IIT Kharagpur is awaiting recommendations from an external experts committee to specifically “give a thought” to the crisis laid bare by the spate of deaths on the campus, director Suman Chakraborty said on Tuesday.
The director said this a day after the Supreme Court raised serious concerns over the spate of student suicides at IIT Kharagpur and asked: “What is wrong with IIT Kgp? Why are students committing suicide? Have you given a thought to it?”
The director said they were “doing everything to address the growing mental health crisis on the campus” as advised by the Supreme Court.
“Although we are yet to get a detailed report on the recommendations by the expert committee, based on the initial discussions with the members, we have appointed a full-time psychiatrist. So far, we had only psychologists and counsellors,” Chakraborty said.
“The institute will be in a position to specifically give a thought to the crisis arising from the spate of deaths on the campus once the report reaches us. We are also overhauling our career development centre so the scope of internships can be widened,” he said.
Earlier, he had said that a section of parents try to get their children internship offers on their own when they go home during recess, hoping to make their CVs look better, and expose them to “artificial pressure”.

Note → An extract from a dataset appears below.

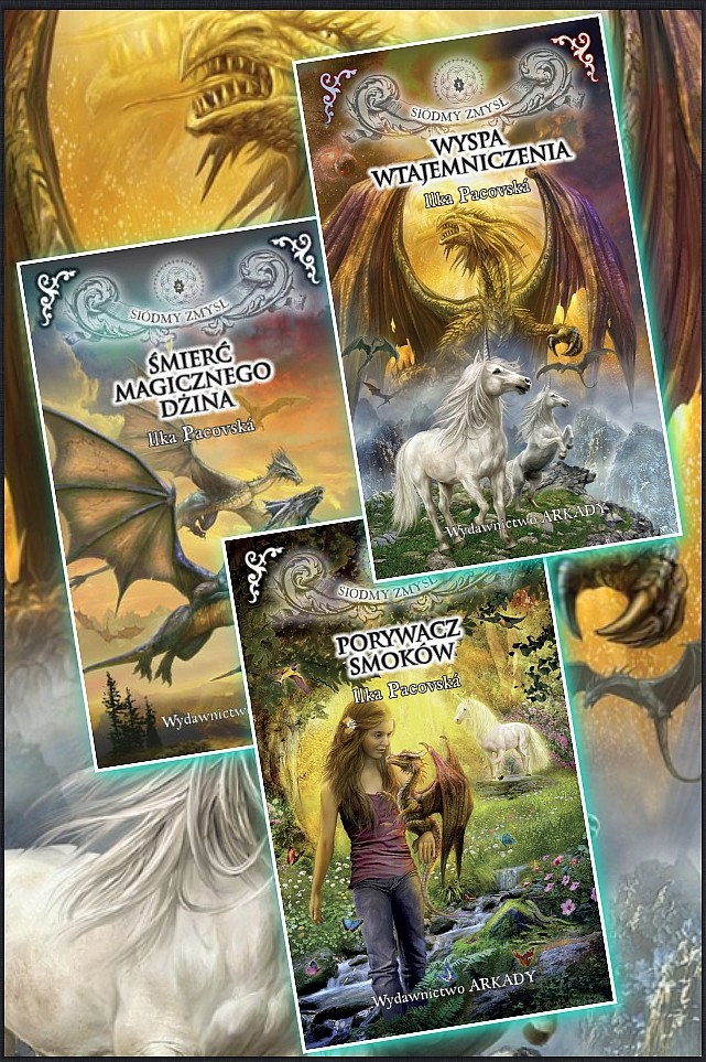 Trzymająca w napięciu zręcznie skonstruowana historia wprowadza czytelnika w niezwykły świat magii, opowiada także o zwykłych ludzkich radościach, zmartwieniach i problemach. Wielotomowa seria Siódmy zmysł to obowiązkowa lektura, która przez wiele lat cieszyła czytelników internetu. Tom 1 - Wyspa wtajemniczenia - 350 str. Tom 2 - Śmierć magicznego Dżina - 322 str. Tom 3 - Porywacz smoków - 328 str.

A bench of Justices J.B. Pardiwala and R. Mahadevan, hearing a petition on deaths of students in higher educational institutions, was informed on Monday by IIT Kharagpur’s counsel that the institute had constituted a 10-member probe committee and another 12-member team to counsel the students.
Many on the campus think that the ten-member team of external experts constituted on May 8 intensified its efforts only after a fourth-year BTech student was found hanging at the Rajendra Prasad Hall of Residence on July 18.
The death of mechanical engineering student Ritam Mandal was the fourth IIT Kharagpur student death in seven months.
“The appointment of the full-time psychiatrist will be cleared in a day or two. We are also in the process of appointing a dean of students’ well-being. Additionally, we are overhauling the career development centre so the scope of interning could be broadened and students do not have to undergo stress over internship offers,” the director told The Telegraph.
On July 19, a senior IIT official told this newspaper that students were becoming increasingly focused on building their CVs through internships, alongside academics, exposing themselves to “artificial pressure”.
Director Chakraborty told The Telegraph: “We will use our wide and enriched alumni networks to ensure a decent and steady inflow of internship offers. The IIT does not want its students to subject themselves to any stress. Let them enjoy their study.”
“Let the institute take care of the internships. The rigours of getting into the IIT s
ystem leave students exhausted,” Chakraborty said on Tuesday.
The institute will soon start a series of motivational lectures by former students.